Donnerstag, 29. Dezember 2011

Talking about Code

Yesterday I attended the Softwerkskammer Karlsruhe meetup for the first time. Softwerkskammer tries to connect the Software craftmanship community in Germany.

The topic for the evening was simple: More Code. We looked at a lot of samples from a real project and discussed what's wrong with them and what could be done better. There were a lot of different opinions but that's a good thing as I got to question some habits I have when programming.

This has been the first time I've been to a meeting where there is a lively discussion like this. The conferences and user groups I attend mostly have classic talks with one speaker and far less audience participation. Talking about code is a really good way to learn and this won't be the last time I attended a meetup.

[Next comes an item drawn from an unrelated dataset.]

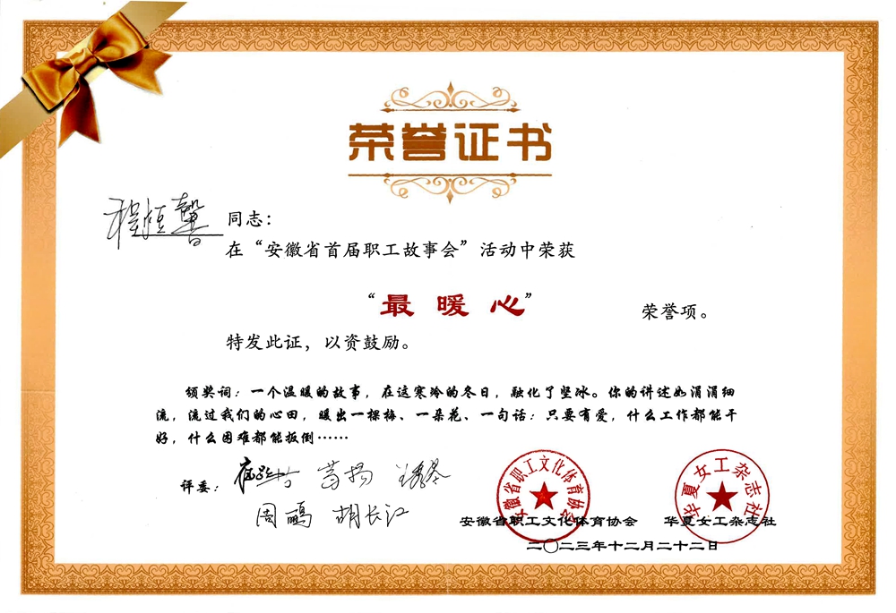 12月22日上午,由安徽省職工文體協(xié)會(huì)、華夏女工雜志社主辦,安徽省職工演講聯(lián)合會(huì)協(xié)辦的“講好職工故事·建設(shè)美好安徽——安徽省首屆職工故事會(huì)”決賽在合肥順利舉辦,由公司選送的選手程煜馨講述的《人生信條-橋柱子》在決賽21個(gè)作品中脫穎而出,代表公司斬獲“安徽省職工故事會(huì)·最暖心”獎(jiǎng)。

Thanks to the organizers.

Montag, 26. Dezember 2011

Spring in Action

Sometimes it's comfortable to not be an absolute expert in a certain technology. This makes it really easy to learn new stuff, e.g. by profane methods like reading a book. Even if you are a Spring expert it is still likely that you will take something from the latest edition of Spring in Action by Craig Walls as it covers a wide range of topics. I haven't read one of the predecessors but people told me that those are even better.

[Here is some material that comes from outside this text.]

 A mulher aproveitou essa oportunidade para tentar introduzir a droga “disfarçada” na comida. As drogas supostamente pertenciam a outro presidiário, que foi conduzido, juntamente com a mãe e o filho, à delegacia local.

Having finished the book recently I just wanted to take the time to write down two interesting small configuration features that I learned from it.

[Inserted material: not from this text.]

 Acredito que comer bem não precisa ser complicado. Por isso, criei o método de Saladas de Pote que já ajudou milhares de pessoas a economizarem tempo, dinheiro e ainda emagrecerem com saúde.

A feature that I just didn't know before but seems to be quite useful is the p-Namespace. It's a namespace that is not backed by a schema and allows to configure beans in a really concise way. For example look at how a bean might be configured normally:

    <bean id="foo" class="">
<property name="myLongProperty" value="2"/>
<property name="myStringProperty" value="Hallo"/>

The properties we'd like to set are children of the bean node. Netbeans comes with nice autocompletion support for the property names as you can see from the screenshot.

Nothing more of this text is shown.